Zambelli amava ripetere di “non smettere di cercare”, un compendio di quanto esprimeva già Platone nell’Apologia di Socrate ovvero “una vita senza ricerca non merita di essere vissuta”. E Zambelli ha dedicato la sua vita nell’andare sempre più a fondo, sia in senso letterale quando si contorceva nei cunicoli delle grotte, sia in senso figurato quando alla scienza già scritta aggiungeva capitoli inediti. La scoperta del suo rettile volante è uno di questi capitoli. Prima del 1973 il rettile volante più antico apparteneva a un fossile di Dimorphodon (denti di due forme) ritrovato in Inghilterra e datato circa 180.000 milioni di anni fa. Con la scoperta di Cene in una lastra del calcare di Zorzino, Zambelli ha portato indietro la lancetta di altri 20 milioni di anni (triassico superiore).

Da lungo tempo gli specialisti – scrisse allora Zambelli nel presentare la sua scoperta – stavano cercando le origini e gli anelli intermedi della evoluzione dei rettili volanti, questo strano gruppo di lucertole che abbandonò il suolo per elevarsi e librarsi nell’aria. Il rettile volante di Cene pertanto non è solo una curiosità per il fatto che è il più antico vertebrato che abbia mai volato: esso è anche un importante anello della catena evolutiva. Alcuni dei suoi attributi sono diversi da quelli degli altri rettili volanti. La caratteristica più appariscente è data dai denti: fitti, alcuni conici, gli altri a tre o cinque cuspidi ”. Il genitivo latino “ranzii”, accanto a Eudimorphodon, è in onore di Silvio Ranzi, zoologo dell’Università di Milano, grazie al quale il reperto è custodito nel museo della Cittadella in Città Alta.

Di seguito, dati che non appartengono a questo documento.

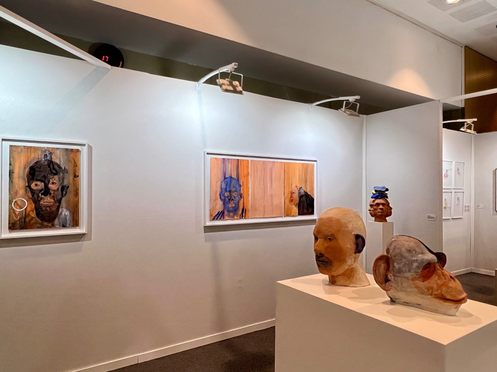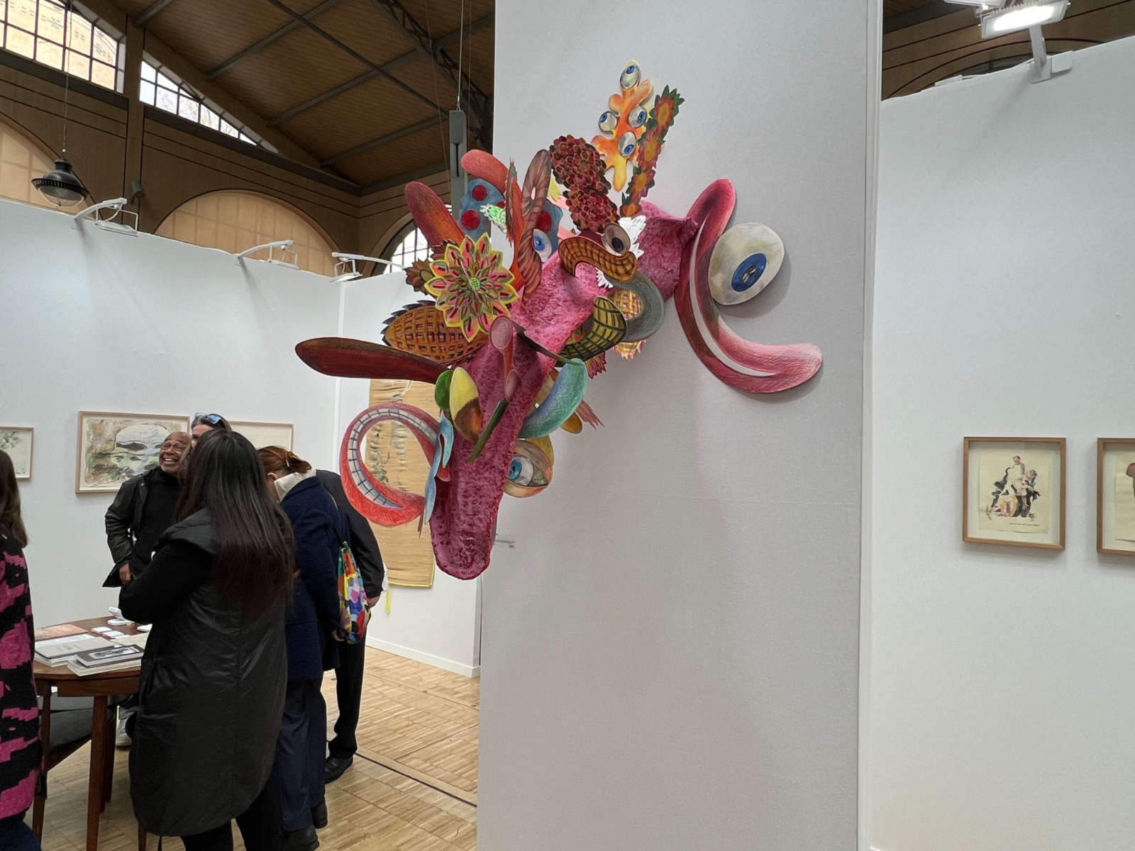 Chez Claire Gastaud, les dessins de Delphine Gigoux-Martin occupent tout l’espace du stand en se déployant sur une multitude de supports (tissu, porcelaine, papier, tapisserie…). À côté des énigmatiques portraits sur plâtre de Sophie Kuijken élaborés à partir d’images de fragments de corps recueillies sur internet, la galerie Nathalie Obadia propose un tableau de Jérôme Zonder associant papier et tissu découpés, marouflés sur toile. La galerie Papillon met en focus les dessins colorés de Frédérique Loutz, dont une sculpture de monstre joyeux réalisée au crayon de couleur sur papier collé semble jaillir du mur.

Il più antico rettile volante conosciuto, l’Eudimorphodon ranzii

Del “Caffi”, Zambelli diventò “curatore straordinario delle raccolte palentologiche” nel 1957. Inizialmente fu un incarico temporaneo a scadenza (4 mesi), successivamente rinnovati fino all’assunzione definitiva conseguente al superamento di un concorso pubblico svolto nel 1969. Oggi si parla tanto di precariato, ma le condizioni di Zambelli come neoassunto non erano delle più felici tanto da costringerlo a scrivere direttamente al sindaco Costantino Simoncini: “Mi perdoni – scriveva lo studioso – se Le rubo qualche minuto per un problema personale. Da dieci mesi dormo su una branda nel mio laboratorio che custodisce anche le raccolte di Botanica e quelle entomologiche; ed è in più passaggio obbligato per gli unici gabinetti del Museo. Non c’è posto per alcuno mobile nel quale riporre il mio vestiario. Metto a disposizione del Museo tutto il mio tempo e studio: né credo possibile compiere proficuamente il mio lavoro, qualora per guadagnarmi da vivere onestamente , mi dessi anche ad altre occupazioni”.

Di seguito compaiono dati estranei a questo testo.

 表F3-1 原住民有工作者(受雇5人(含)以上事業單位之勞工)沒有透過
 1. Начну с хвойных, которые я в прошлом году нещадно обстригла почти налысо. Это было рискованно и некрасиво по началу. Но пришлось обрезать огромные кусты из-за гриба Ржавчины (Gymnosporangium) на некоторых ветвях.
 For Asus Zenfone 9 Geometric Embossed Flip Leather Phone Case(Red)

Al fine della lettera Rocco Zambelli chiede un aumento di stipendio così da poter “affittare due stanze ad avere anch’io un po’ di tranquillità in compagnia di mia sorella. Ed anche il mio lavoro ne avvantaggerebbe”. L’aumento gli viene concesso il mese dopo con il rinnovo del contratto. Altri tempi! Diceva di sé: “Passo il tempo a leggere e a studiare. In questo modo cerco sempre. Cerco una verità. In tutta la vita ho sempre cercato dietro le apparenze. Cercare, scoprire, che cosa c’è di più bello, di più interessante nella vita? Mi viene tristezza se penso a quanti ragazzi buttano via il loro tempo incollati alla televisione, perché fuori dalla porta c’è tutto l’universo che ci aspetta. Aspetta noi, aspetta di essere guardato, ammirato, indagato. Le grotte, le rocce, le montagne, gli alberi, le stelle, il cosmo, gli esseri umani stessi…“.